When it became obvious that my daughter could manage a day with her carer and also that her life expectancy wasn’t great I decided that it was important for her, for me, for the rest of my family, to do something I wanted to do…so I applied to Berwyn, that took a whole load of courage. Then I had to go for an interview. And then turn up to work. I left society 17 years before. I didn’t have work clothes, I had disability-parent clothes…easy to wash blood & vomit out of, can sleep in on a camp bed on a hospital ward. I had a disability-parent haircut…can sleep on a hospital ward for 3 weeks and it still look almost okay. I was completely out of any idea of how to chat to normal people, dress, etc etc. I would sit in the car outside, trying to stop shaking and get the adrenaline up to go in and try to be ‘normal’.
I’m worried that this is going to be you…those of you who are getting out. The world will have changed and you will have changed too.

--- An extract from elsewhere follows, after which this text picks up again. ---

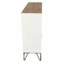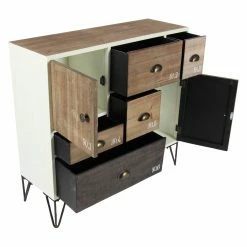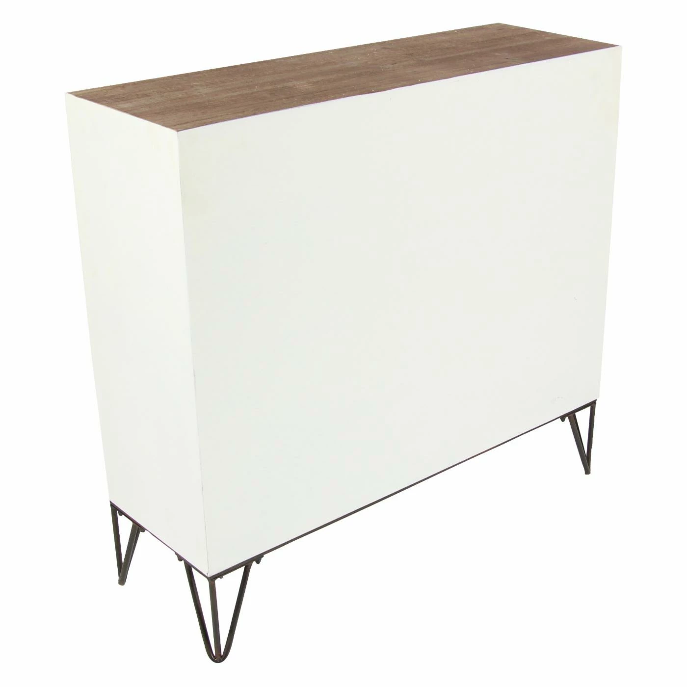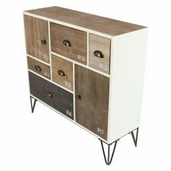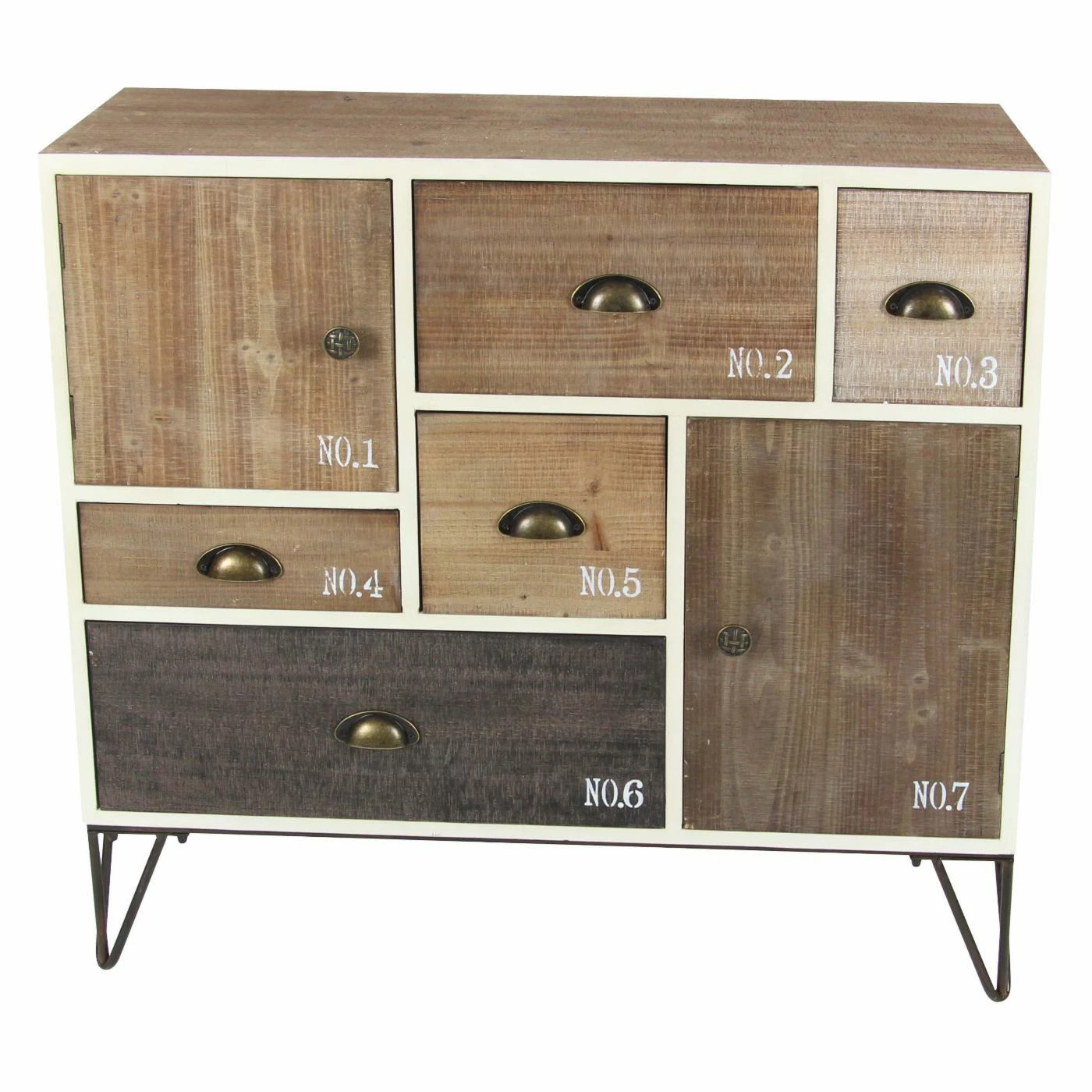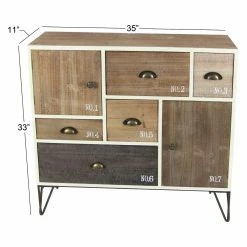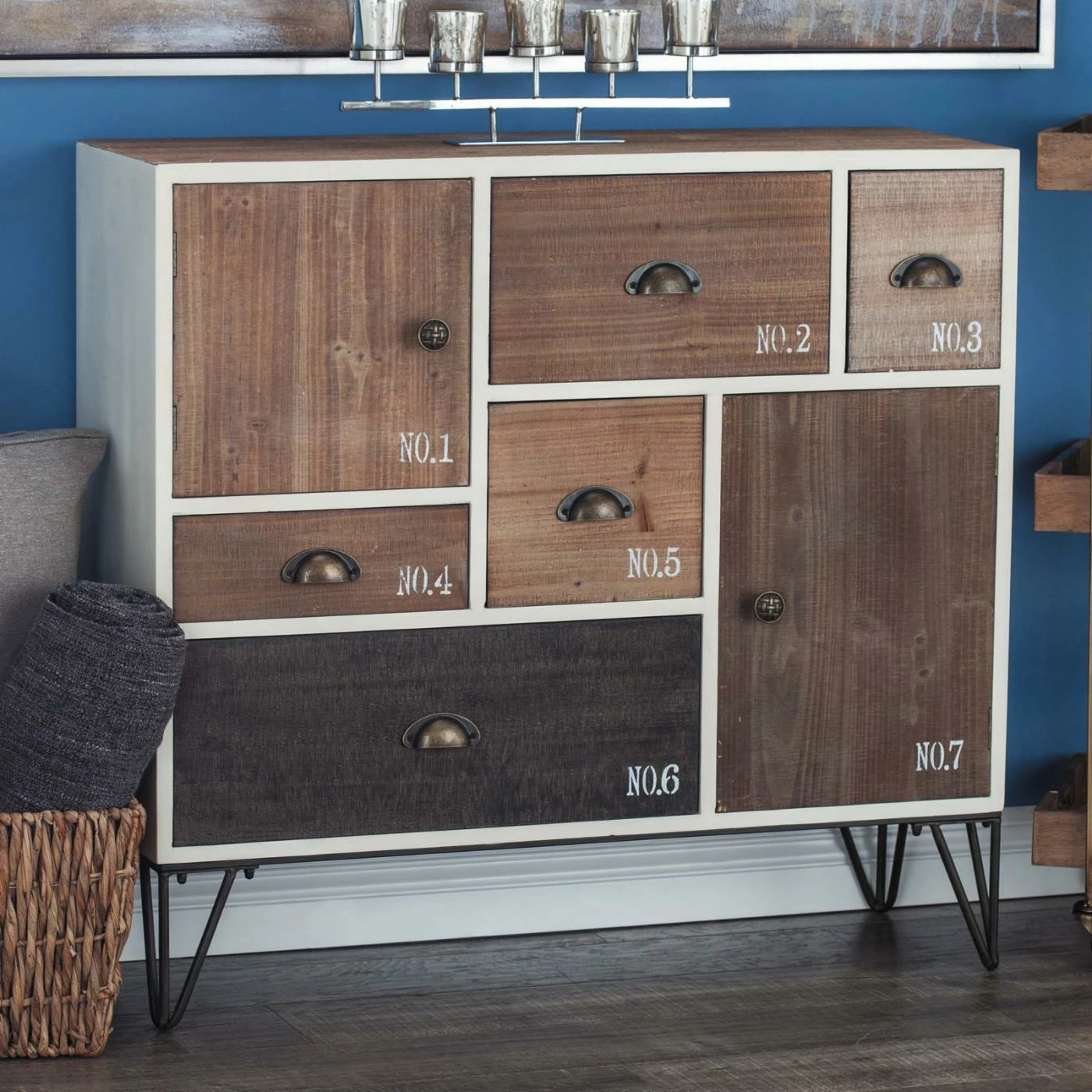 Stenciled with numbers, the DecMode 7-Drawer Stencil-Marked Wooden Cabinet resembles a storage solution one would expect to find in an office or factory. The industrial engineered wood cabinet provides plenty of storage space with five drawers and two doors in varying sizes. Iron hairpin legs add a touch of retro appeal and provide sturdy support.

I know you can get out and do well, but only with a mixture of adrenaline, courage and kindness to yourself. There will be moments when you need to push yourself and moments when you will need to not push yourself too hard, to take time to let yourself be peaceful. Take time to go for walks, be part of the outside world and be peaceful enough to enjoy it.
Back in 2020, during lockdown when everyone’s lives were shaken upside down, I started writing these Blitherings. I’m going to borrow a bit from one of the early letters as the best thing I can suggest to help you through..

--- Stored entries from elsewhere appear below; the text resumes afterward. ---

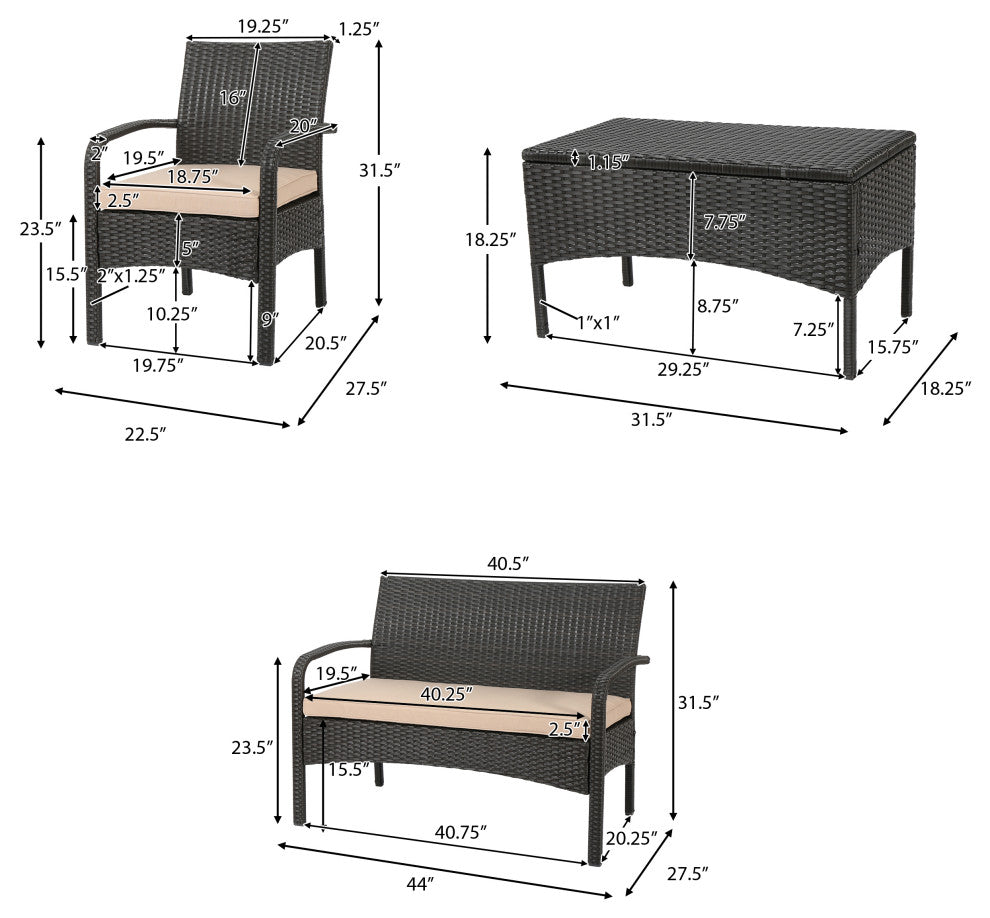 Loveseat Dimensions: 27.50 inches deep x 44.00 inches wide x 31.50 inches high
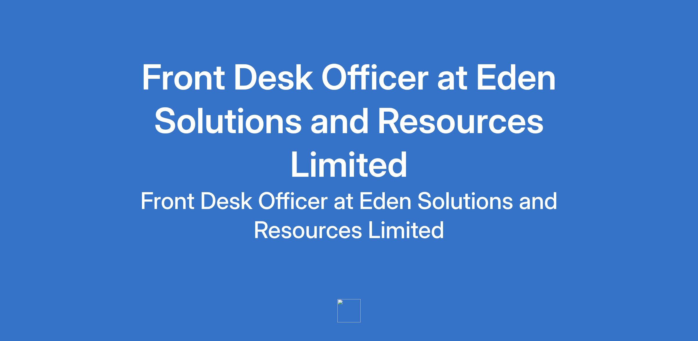 Eden Solutions and Resources Limited is recruiting to fill the position of: Front Desk. The position is located in Lugbe, Abuja (FCT). Salary: N70,000 - N80,000 per month. Interested candidates should possess a relevant qualification.
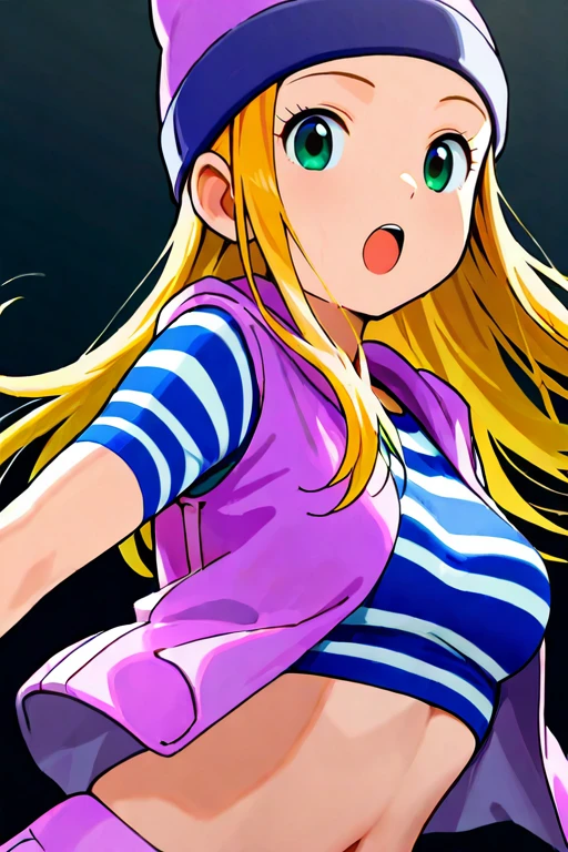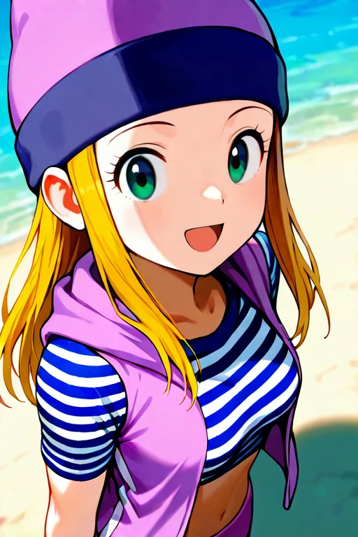 1girl, solo, izumi_orimoto, long hair, blonde hair, green eyes, beanie, purple headwear,
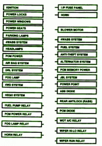 Fuse Panel Layout Diagram Parts: JBL system, power point, ABS diode, rear antilock, PCM diode, A/C relay, wiper relay, Air bag system, DRL system, Fog lamp, 4WD system, hego system, fuel pump relay, ignition, power lock, power window, power seat, parking lamp, 4WABS system, headlamp, PCM power, fuel system, anti theft system, PCM power relay, fog lamp relay, horn relay, I/P fuse panel, horn, blower motor, alternator system.
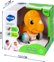 Hračka podporuje prirodzený rozvoj: precvičuje úchop, posilňuje koordináciu a motivuje k aktívnemu pohybu. Priateľský vzhľad dinosaura inšpiruje k príbehom a tvorivej hre, ktorá rozvíja fantáziu a sociálne zručnosti.

“When my children were little, every night before bed, we used to do the ‘three good things’ together. After bath & pyjamas, they would have a last cup of tea (how British! always a cup of tea 😊) with me, in front of the fire, snuggled up on the sofa, and they had to think of three good things that had happened that day. My eldest daughter was often ill, as you know. My middle daughter had a period of being badly bullied. My son…well, he was usually cheerful….but whatever had happened in the day, no matter how bad the day was, we could always find 3 good things, even if it was just ‘that day is over, I’m going to bed, tomorrow is a new day’. Always there was something. We also found one thing that we were pleased with ourselves for, something we had done well. It makes a difference, practicing being happy and finding good things.

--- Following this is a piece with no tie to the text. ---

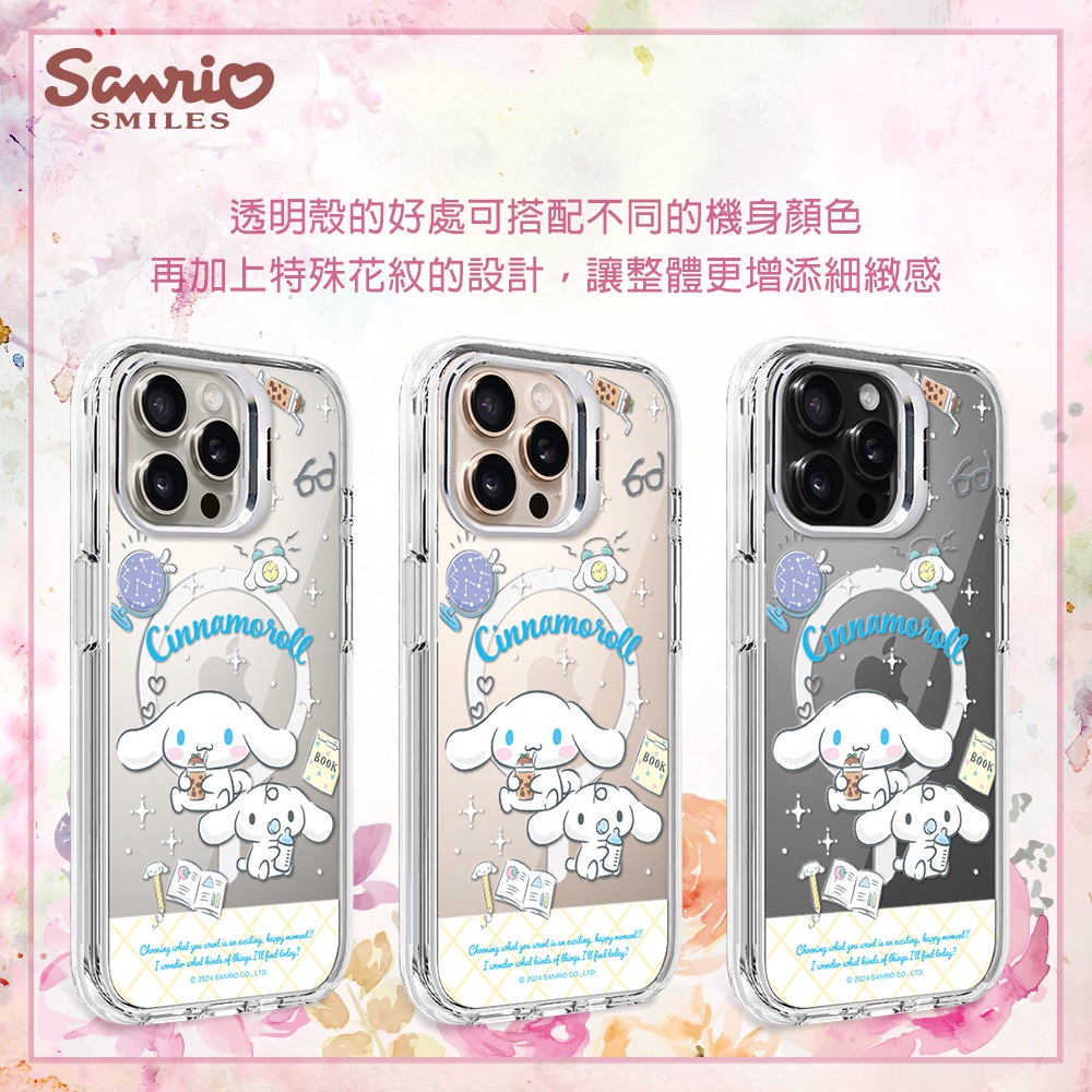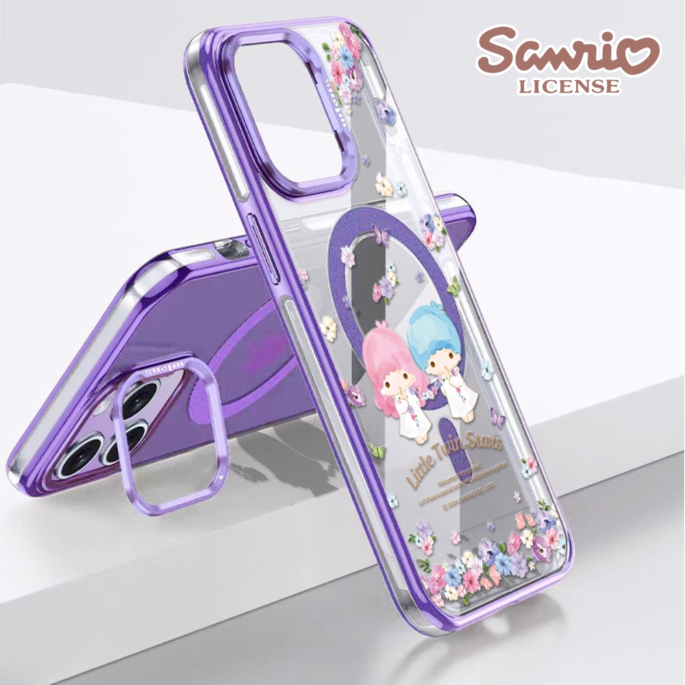 • 三麗鷗 iPhone 16/15/14/13系列 抗黃化磁吸金屬框隱形立架殼-花語雙子星-電鍍紫

My 3 children are much more grown up than that now, they glide off to bed with a ‘seeya’, taking their dogs and their cup of tea (see, still British!) but I know that they still think like that…every so often, one of them will say something like ‘I got a good report in school today, that’s one of my three good things’, or ‘I felt well enough to take my dog to the field to play today, I think that’s a good thing’. So my challenge, even in these awful times, is for you each to think of your ‘three good things’ and for a bonus point, what you are proud of yourself for doing/ thinking /being that day. I will be doing it too!”
It isn’t all just my daftness, there are good psychological reasons behind this…honestly! So, those who aren’t leaving us can practice ‘3 good things’, those who are leaving, go well and I will be praying for you…and you can still be pestered with the Blitherings at lockdownletter.com on WordPress (no ‘s’ after letter, that address was already taken).